Assigned task: In the material below, the required lines run from the one containing "Les portions de" through the one containing "Régi vágya volt". Copy those lines exactly, ends included, and nothing else.

Data listing:
####

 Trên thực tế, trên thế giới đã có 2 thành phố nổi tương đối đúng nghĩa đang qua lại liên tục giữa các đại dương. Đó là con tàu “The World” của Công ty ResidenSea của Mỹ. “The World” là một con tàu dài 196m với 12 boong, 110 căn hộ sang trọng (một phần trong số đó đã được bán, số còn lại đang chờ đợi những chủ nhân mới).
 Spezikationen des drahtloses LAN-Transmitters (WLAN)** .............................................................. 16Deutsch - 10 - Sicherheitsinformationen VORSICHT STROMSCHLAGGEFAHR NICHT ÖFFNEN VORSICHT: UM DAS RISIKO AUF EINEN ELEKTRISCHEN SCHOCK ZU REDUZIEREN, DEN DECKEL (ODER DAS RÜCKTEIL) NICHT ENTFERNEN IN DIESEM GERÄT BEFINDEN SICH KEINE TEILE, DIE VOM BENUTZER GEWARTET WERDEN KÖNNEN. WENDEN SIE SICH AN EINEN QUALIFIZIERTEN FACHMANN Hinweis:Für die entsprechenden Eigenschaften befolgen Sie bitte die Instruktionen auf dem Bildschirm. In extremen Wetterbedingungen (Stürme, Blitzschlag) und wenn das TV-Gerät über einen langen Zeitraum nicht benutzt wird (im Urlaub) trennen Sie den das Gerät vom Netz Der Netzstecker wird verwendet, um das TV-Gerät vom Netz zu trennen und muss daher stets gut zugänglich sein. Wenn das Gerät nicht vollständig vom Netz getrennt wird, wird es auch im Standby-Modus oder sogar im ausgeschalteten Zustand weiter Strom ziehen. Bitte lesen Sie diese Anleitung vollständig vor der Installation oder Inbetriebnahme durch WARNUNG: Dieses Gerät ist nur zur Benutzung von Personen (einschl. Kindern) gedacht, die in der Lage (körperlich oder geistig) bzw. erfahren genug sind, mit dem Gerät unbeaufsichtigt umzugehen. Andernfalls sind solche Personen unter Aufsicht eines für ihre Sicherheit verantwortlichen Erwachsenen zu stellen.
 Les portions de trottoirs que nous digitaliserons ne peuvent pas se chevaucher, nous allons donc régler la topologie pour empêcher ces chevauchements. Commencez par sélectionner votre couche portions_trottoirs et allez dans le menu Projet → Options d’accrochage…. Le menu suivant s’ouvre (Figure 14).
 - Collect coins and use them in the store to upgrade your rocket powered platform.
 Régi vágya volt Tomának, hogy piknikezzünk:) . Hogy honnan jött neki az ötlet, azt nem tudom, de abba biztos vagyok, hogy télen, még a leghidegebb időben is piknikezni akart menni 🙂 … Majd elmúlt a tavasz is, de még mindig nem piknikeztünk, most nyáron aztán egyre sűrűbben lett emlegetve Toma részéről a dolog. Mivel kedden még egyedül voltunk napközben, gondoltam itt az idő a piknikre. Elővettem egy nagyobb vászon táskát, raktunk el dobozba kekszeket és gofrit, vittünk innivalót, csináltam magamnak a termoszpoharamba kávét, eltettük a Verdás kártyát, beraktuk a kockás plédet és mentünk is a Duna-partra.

####

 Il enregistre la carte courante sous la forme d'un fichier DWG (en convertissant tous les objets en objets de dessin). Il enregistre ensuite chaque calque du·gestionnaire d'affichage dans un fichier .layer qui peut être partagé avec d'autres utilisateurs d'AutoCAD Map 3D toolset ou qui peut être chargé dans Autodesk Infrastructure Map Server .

####

Solution to this exercise:
 Les portions de trottoirs que nous digitaliserons ne peuvent pas se chevaucher, nous allons donc régler la topologie pour empêcher ces chevauchements. Commencez par sélectionner votre couche portions_trottoirs et allez dans le menu Projet → Options d’accrochage…. Le menu suivant s’ouvre (Figure 14).
 - Collect coins and use them in the store to upgrade your rocket powered platform.
 Régi vágya volt Tomának, hogy piknikezzünk:) . Hogy honnan jött neki az ötlet, azt nem tudom, de abba biztos vagyok, hogy télen, még a leghidegebb időben is piknikezni akart menni 🙂 … Majd elmúlt a tavasz is, de még mindig nem piknikeztünk, most nyáron aztán egyre sűrűbben lett emlegetve Toma részéről a dolog. Mivel kedden még egyedül voltunk napközben, gondoltam itt az idő a piknikre. Elővettem egy nagyobb vászon táskát, raktunk el dobozba kekszeket és gofrit, vittünk innivalót, csináltam magamnak a termoszpoharamba kávét, eltettük a Verdás kártyát, beraktuk a kockás plédet és mentünk is a Duna-partra.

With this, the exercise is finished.